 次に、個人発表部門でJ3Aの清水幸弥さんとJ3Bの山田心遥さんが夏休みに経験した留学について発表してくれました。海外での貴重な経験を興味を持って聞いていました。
---
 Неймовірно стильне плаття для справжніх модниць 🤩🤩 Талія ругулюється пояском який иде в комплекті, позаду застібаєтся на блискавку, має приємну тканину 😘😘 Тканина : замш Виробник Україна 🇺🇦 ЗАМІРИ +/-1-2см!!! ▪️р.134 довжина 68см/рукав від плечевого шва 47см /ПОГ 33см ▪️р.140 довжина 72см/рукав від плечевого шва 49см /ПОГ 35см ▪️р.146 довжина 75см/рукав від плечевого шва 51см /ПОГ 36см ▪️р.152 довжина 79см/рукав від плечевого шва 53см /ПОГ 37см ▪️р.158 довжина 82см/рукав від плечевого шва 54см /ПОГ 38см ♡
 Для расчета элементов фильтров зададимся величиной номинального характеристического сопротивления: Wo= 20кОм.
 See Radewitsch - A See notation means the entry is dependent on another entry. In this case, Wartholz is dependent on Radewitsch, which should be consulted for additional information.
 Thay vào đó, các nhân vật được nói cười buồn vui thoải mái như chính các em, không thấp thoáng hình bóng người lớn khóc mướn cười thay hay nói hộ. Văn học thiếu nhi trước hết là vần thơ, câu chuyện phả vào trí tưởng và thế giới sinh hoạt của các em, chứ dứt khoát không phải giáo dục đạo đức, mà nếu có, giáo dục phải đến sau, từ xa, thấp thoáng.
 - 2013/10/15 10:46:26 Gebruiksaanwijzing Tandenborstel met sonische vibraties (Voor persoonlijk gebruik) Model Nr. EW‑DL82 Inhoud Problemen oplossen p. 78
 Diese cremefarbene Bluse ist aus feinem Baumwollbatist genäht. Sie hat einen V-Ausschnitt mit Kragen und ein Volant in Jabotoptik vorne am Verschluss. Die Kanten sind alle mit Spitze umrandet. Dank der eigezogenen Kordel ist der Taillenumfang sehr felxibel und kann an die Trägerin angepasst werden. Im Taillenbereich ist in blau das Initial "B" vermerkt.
--
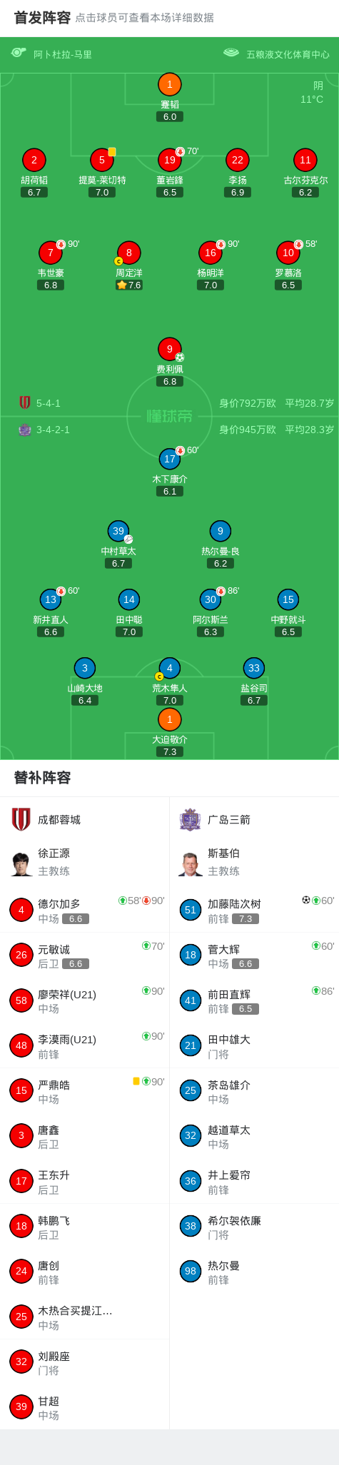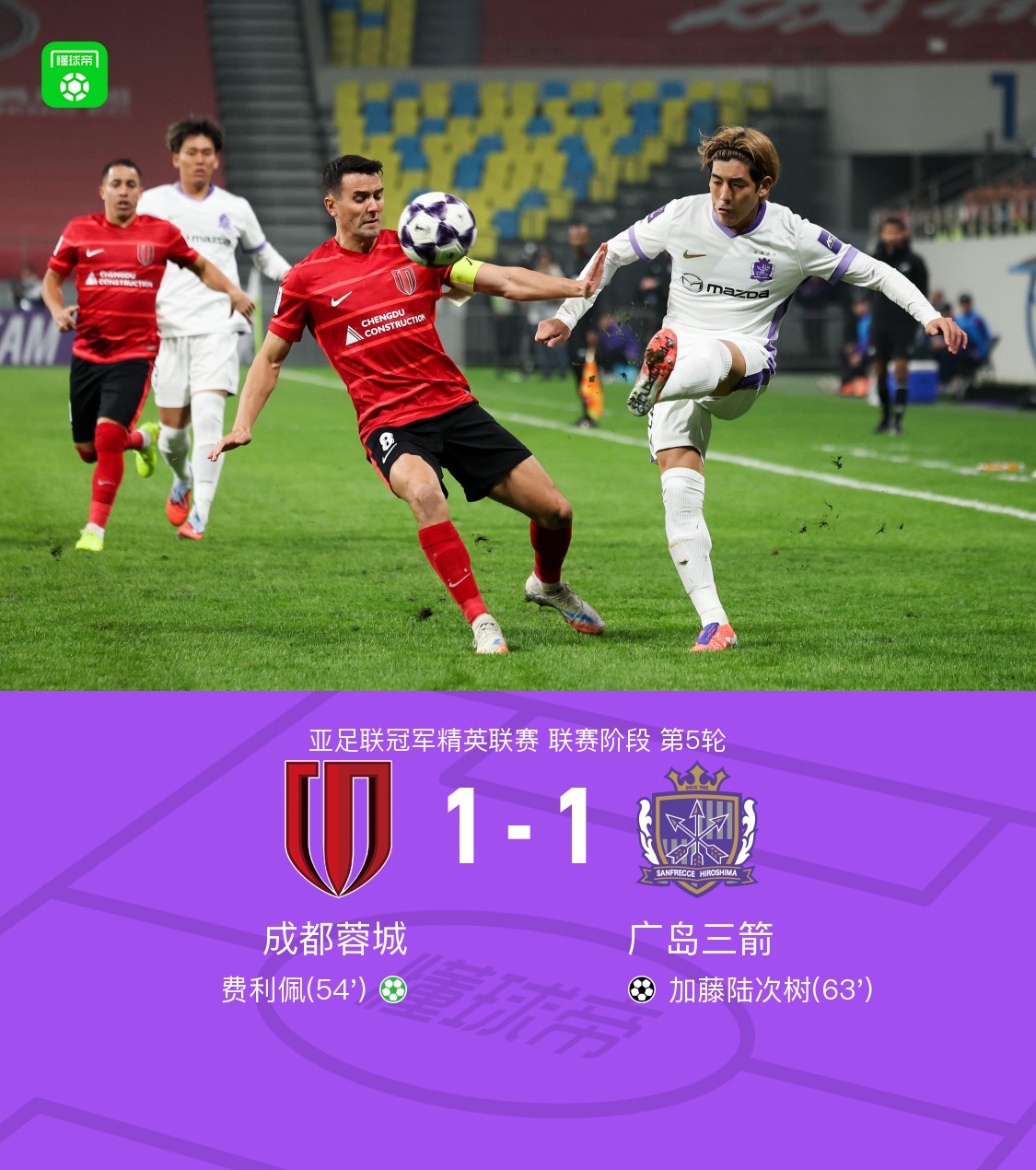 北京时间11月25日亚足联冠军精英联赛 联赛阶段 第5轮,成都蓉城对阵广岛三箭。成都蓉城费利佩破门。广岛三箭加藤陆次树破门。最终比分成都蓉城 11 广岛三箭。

§ Task goal
Looking at the data above, write out exactly the lines that start at the one containing "Для расчета элементов" and end at the one containing "See Radewitsch - A"; include both and nothing beyond.

§ Output below
 Для расчета элементов фильтров зададимся величиной номинального характеристического сопротивления: Wo= 20кОм.
 See Radewitsch - A See notation means the entry is dependent on another entry. In this case, Wartholz is dependent on Radewitsch, which should be consulted for additional information.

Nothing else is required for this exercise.